Saved data entries:
__________
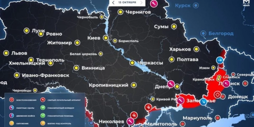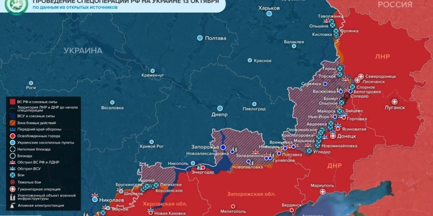 Карта боевых действий на Украине сегодня. Последние новости о ходе военной операции на 14.10.2022 года, обстановка на фронтах за сутки
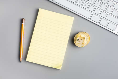 Blank sticky paper notepad and dogecoin on a gray table. Top view.
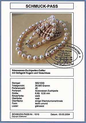 von Gold und Perlen. Das Collier ist 45 cm lang, die ca. 7,5 mm
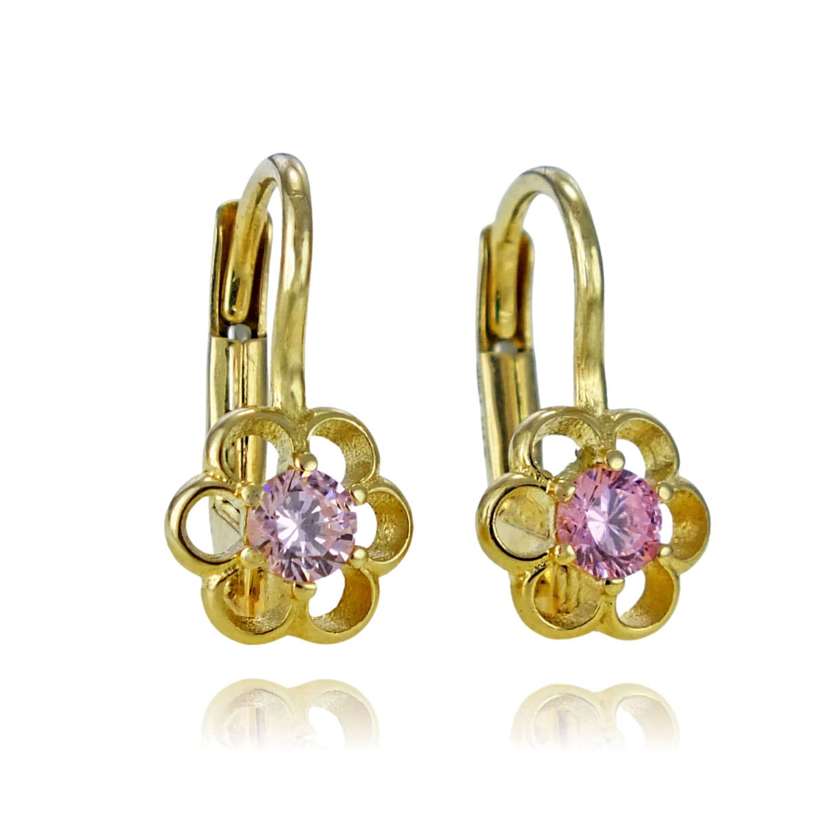 Złote Kolczyki Kwiatuszki z Różową Cyrkonią na Zatrzasku - próba 585
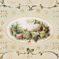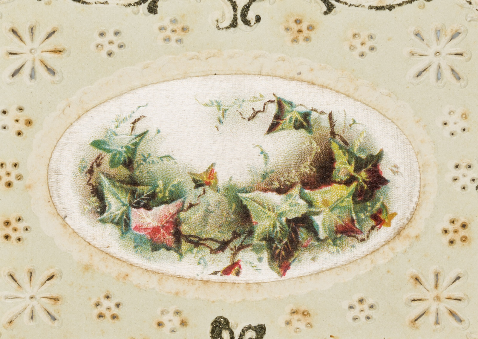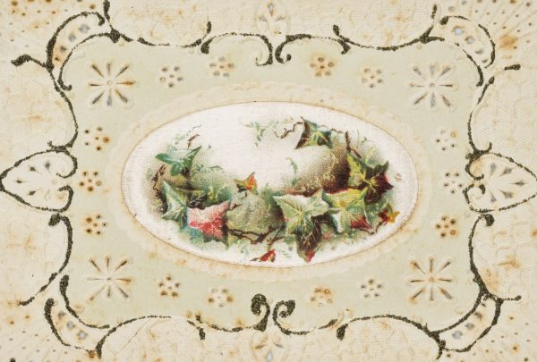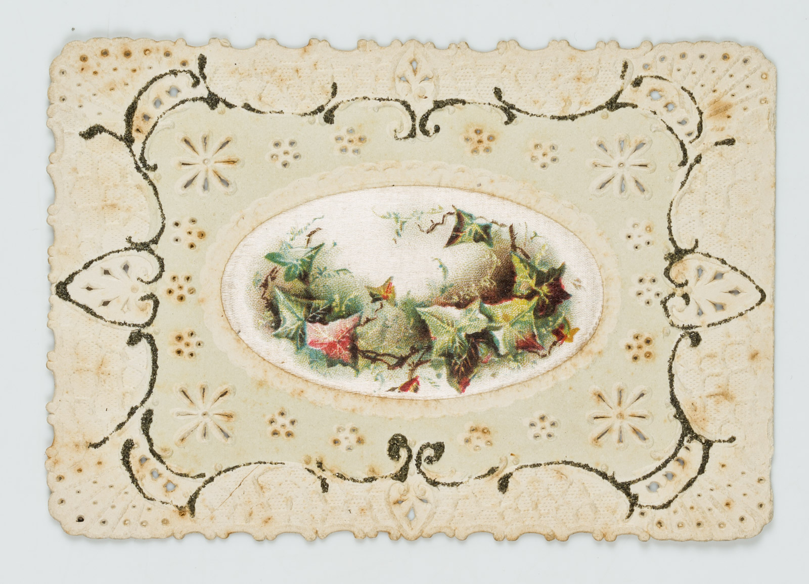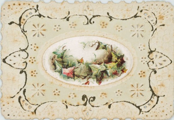 - Description: Beautiful filigree paper lace; openwork card backed with silk and tinsel; ivy motif.
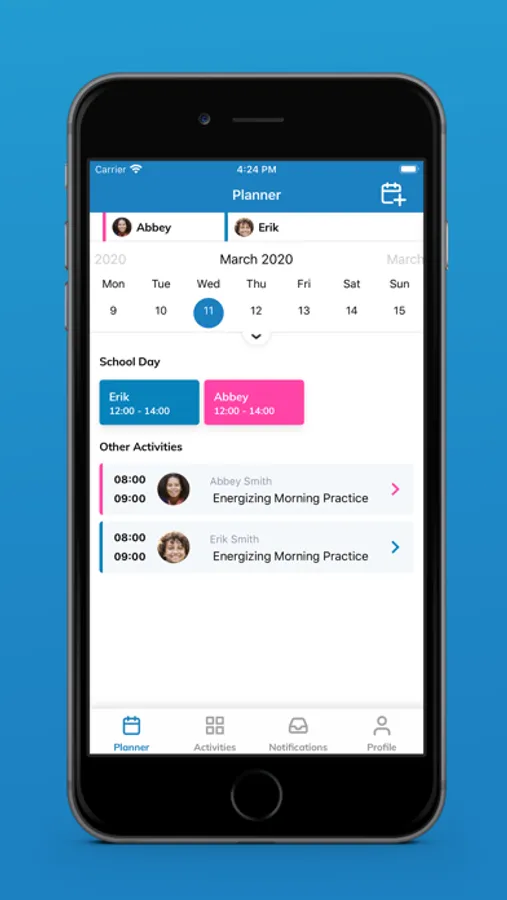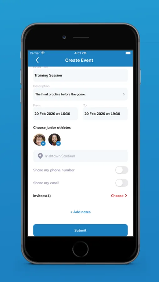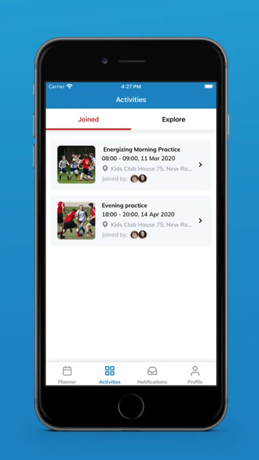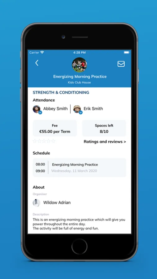 Through a web portal, sports organisations can dynamically create and maintain groups, services, events and daily schedules for its members. Its members access these live schedules and events through the mobile app.
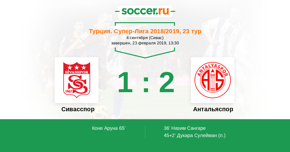 65' (1:2) Коне Аруна (2) (Дуглас (20))
__________
What is required: What you return should match the records above word for word, minus the pictures.

Problem solution:
 Карта боевых действий на Украине сегодня. Последние новости о ходе военной операции на 14.10.2022 года, обстановка на фронтах за сутки
 Blank sticky paper notepad and dogecoin on a gray table. Top view.
 von Gold und Perlen. Das Collier ist 45 cm lang, die ca. 7,5 mm
 Złote Kolczyki Kwiatuszki z Różową Cyrkonią na Zatrzasku - próba 585
 - Description: Beautiful filigree paper lace; openwork card backed with silk and tinsel; ivy motif.
 Through a web portal, sports organisations can dynamically create and maintain groups, services, events and daily schedules for its members. Its members access these live schedules and events through the mobile app.
 65' (1:2) Коне Аруна (2) (Дуглас (20))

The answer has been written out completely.